Önceleri alttan alta seslendirilen bu aidiyet, HDP’li vekillerin Öcalan’ın fotoğrafını miting meydanına astırmak için polisle kavga etmesi ile iyice gün yüzüne çıktı.
Aynı HDP, ‘önderimiz’ dediği Öcalan’ın talimatlarını, Kandil’i de arkasına alarak sulandırmaya çalışmıyor mu?
Tüm bu ayak oyunlarını yaparken, eş zamanlı, “Biz herkesin partisiyiz” söylemine, PKK dışındaki unsurları da ikna etmeye çalışıyor.
Koyu ve katı bir ırkçılığın gölgesinde demokrasi yeşertmeye çalışan HDP bu gayretinde yalnız değil.
Kandil’in dışında bazı önemli gazeteciler ve siyasi partilerden lojistik destek aldığı açıkça görülüyor.
HDP Lideri Selahattin Demirtaş’ın sık sık bir araya geldiği sözde merkezde yazan gazetecilere baktığımız zaman fotoğraf biraz daha netleşiyor.
Bu gazetecilerin bir bölümü, HDP’nin izlediği siyaset anlayışını benimserken, diğer kısmı, mevcut iktidarın yıkılması için HDP’ye destek veriyor.
Bu stratejik ortaklığa katkı veren siyasi partiler de var.
CHP’nin bazı üst düzey yöneticilerinin, deşifre olmamış HDP’lileri aday göstermek için çalıştığı biliniyor.
Kılıçdaroğlu’nun basına kapalı bir toplantıda, HDP için, “Irkçı bir parti” dediğini biliyorum ama CHP Liderinin bazı yardımcılarının HDP’ye çalışmasının izahını nasıl yapacağız?
İktidar karşıtı çevreler açısından şunu anlamak mümkün;
Hükümet gitsin, biz ya da bizim gibi düşünenler gelsin.
Demokrasi içinde bu düşünce elbette saygıya değer ve makul bir karşı söylem ama, “iktidar ne pahasına olursa olsun gitsin” yaklaşımını realize edemiyorum.
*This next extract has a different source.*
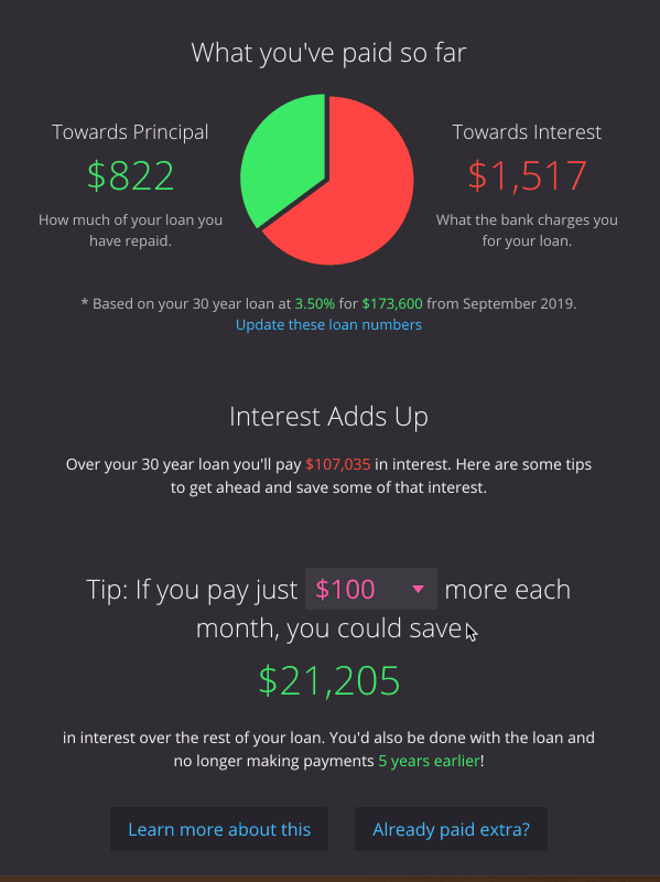 A breakdown of principal and interest paid

HDP ne yazık ki henüz demokrasiyi içselleştirmeyi başarmış bir siyasi parti değil.
Kendisini demokrat olarak tanımlayan unsurların, demokrasiyi içine sindirmeyen bir siyasi partiyi, sırf beğenmediği bir iktidar gitsin diye desteklemesi demokrasinin intiharı değil mi?
Çıplak bir sorum var;
Bazı yerlerde CHP’ye vekillik için hiç başvuru olmadı?
Tesadüfe bakın ki, o bölgelerde HDP’nin ciddi oyu var!